Nulla è cambiato in questi otto anni e lo si evince fin dalla copertina minimalista, che riporta il nostro eroe pelato in primo piano, oggettivamente non bella ma in linea con le precedenti, come se volesse sottolineare un tratto d’unione con il passato della band, riuscendoci alla grande perché, appena partiamo con il tasto play, veniamo assaliti dall’opener, ed è subito old school.

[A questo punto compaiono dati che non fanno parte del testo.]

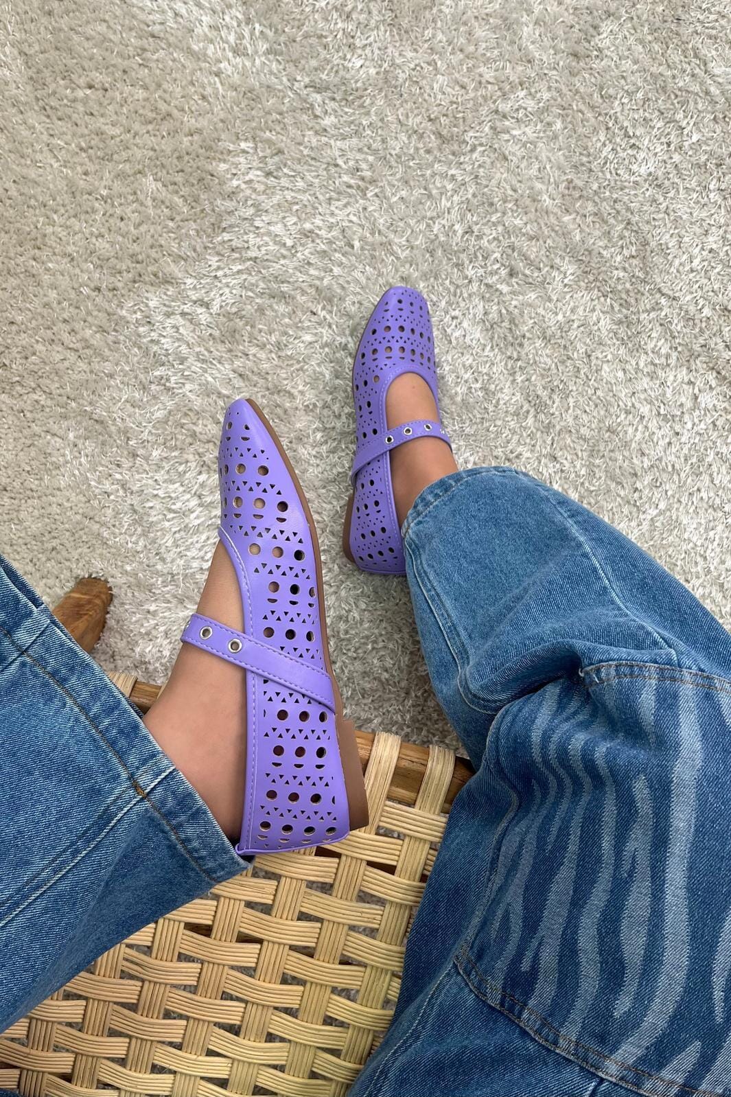 Lila ballerina från Bloom med hålmönster och spännband. Den spetsiga tån och det dekorativa mönstret ger skon ett karaktäristiskt uttryck.

Ebbene sì, il tempo di capire cosa sta succedendo, e canzoni come “Apostel” e “Skarpretter” ci ricordano che tutto è rimasto dove lo avevamo lasciato, come quando si entra in una vecchia stanza e si ritrova tutto al suo posto, con la polvere degli anni a ricoprire la superfice dei mobili. “Svartsyn” è un viaggio indietro nel tempo che non delude, condito da riff minimali a metà tra black metal e un retrogusto hard rock/punk primordiale, diretti ed efficaci.

Non c’è un momento di stanca e i pezzi scorrono che è un piacere, con momenti di pura classe, come la drammatica “Evig”, l’oscura e ipnotica “Dystopi” e la conclusiva, cadenzata “Bryt I Udåd Ut”, ma in fin dei conti sarebbero da citare tutte, perché la band, pur senza fare nulla di epocale, riesce a tirare fuori quaranta minuti di black metal ortodosso e ignorante che fa tranquillamente a meno di modernismi o abbellimenti vari. Il tutto viene sottolineato da una produzione ruvida e standard, che non esagera con il volume (decisamente troppo basso) ma esalta la potenza degli strumenti, senza che uno sottometta l’altro. Parlare di epico ritorno viene difficile ma i Khold, a distanza di quasi un decennio, fanno capolino con un disco quadrato e ben suonato, che guarda alla tradizione norvegese con fare orgoglioso, coscienti del fatto di poter dire la loro grazie alla capacità dei singoli musicisti di proporre un platter sincero che, ascolto dopo ascolto, si fissa in testa per rimanerci a lungo con le sue accattivanti e lineari melodie. Conferma.